Pero el Perú bicentenario hace tiempo está en crisis. Momentos de desorientación similares a éste los encontramos en el período final del segundo gobierno del presidente Belaúnde o en la hiperinflación aprista del primer Alan García, que abrió las puertas a la autocracia de Fujimori y a lo que siguió. La debilidad institucional y la ausencia de objetivos nacionales parece continuar pese a los distintos signos ideológicos de los gobiernos y al cambio de caras del elenco político, cada vez más corrupto e inepto.
De un lado tenemos la inoperancia del Ejecutivo, concentrado a toda costa en la sobrevivencia del mandato presidencial, sin rumbo en lo político y sin un programa de reformas, lo que se refleja en las malas y pésimas decisiones en la formación de sucesivos gabinetes ministeriales. Del otro lado, está el actual Congreso Nacional, sin iniciativas más allá del cálculo político que amalgama principalmente, a sectores de derecha y ultraderecha sin idea de país, cuyo objetivo se reduce a retrasar las urgencias de cambio que nuestra sociedad requiere.
En este conflicto entre poderes la democracia es un espejismo, pues ni el Presidente honra el encargo recibido en las urnas, ni los legisladores cumplen su función de fiscalizarlo, dado que lo que buscan en realidad, es el mejor disfraz para el golpe de Estado que están deseando desde que se conocieron los resultados de la segunda vuelta electoral hace casi nueve meses.
Un conflicto de este tipo no se resuelve de un día para otro. Los mecanismos institucionales ahora rebasados son inocultables hasta para la prensa concertada que defiende un statu quo insostenible en el mediano plazo. Nuevas reglas de juego compartidas ahora parecen imposibles. La salida de Castillo por la vía de un golpe blando o la convocatoria a nuevas elecciones de ningún modo garantiza la superación de esta crisis del régimen democrático peruano, ni la superación de los extremos de informalidad, corrupción e incompetencia que nos debilitan como sociedad y nos llevan a una creciente anomia.

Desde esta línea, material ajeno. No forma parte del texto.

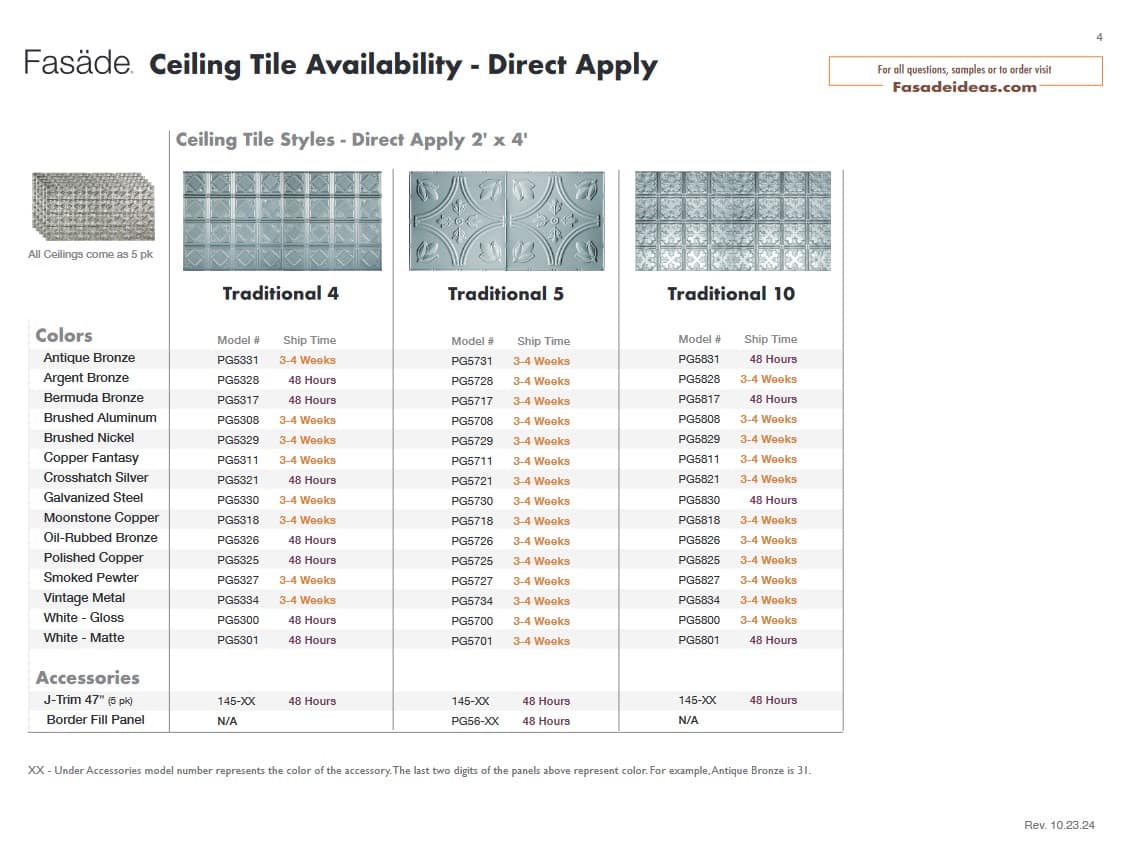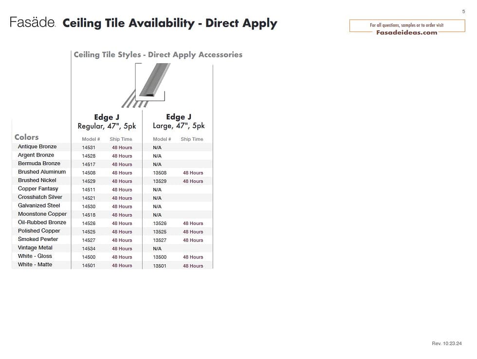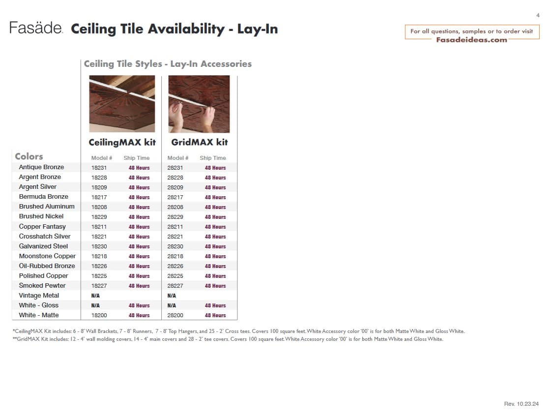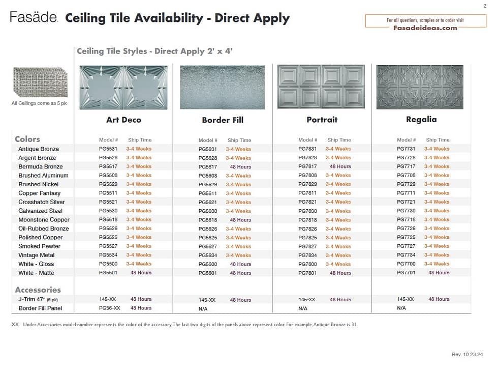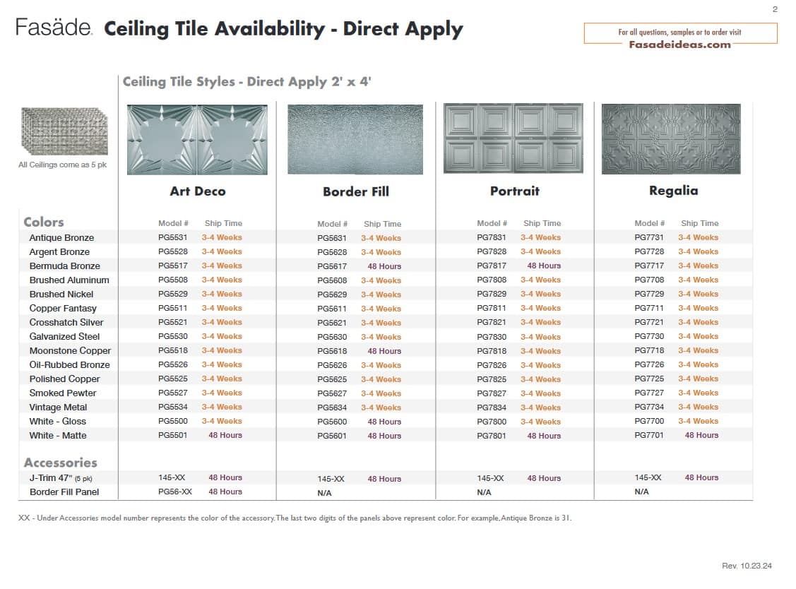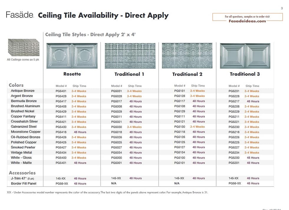 Ceiling Product Availability Direct Apply (Glue Up) Ceiling Lead Times Direct Apply Ceiling Availability PDF Lay-In (Suspended) Ceiling Lead Times Lay-In Ceiling Availability PDF

La decepción con el gobierno de Castillo es latente, la conflictividad social irá en ascenso y las elecciones municipales y regionales programadas para este año serán la reiteración de que nuestra democracia está corroída por intereses de muy corto plazo y alcance, cuando no directamente tomada por poderes delictivos. ¿Cabe alguna duda al respecto?
Nuestra tarea principal en estas circunstancias es contribuir a la enorme responsabilidad de forjar una toma de conciencia ciudadana sobre el momento histórico crítico que vive el país y la necesidad de iniciar su lenta reconstrucción política. Las fuerzas sociales que se expresaron en las urnas en 2021 y que han sido ahora postergadas por la incompetencia del presidente Castillo deben ser las protagonistas.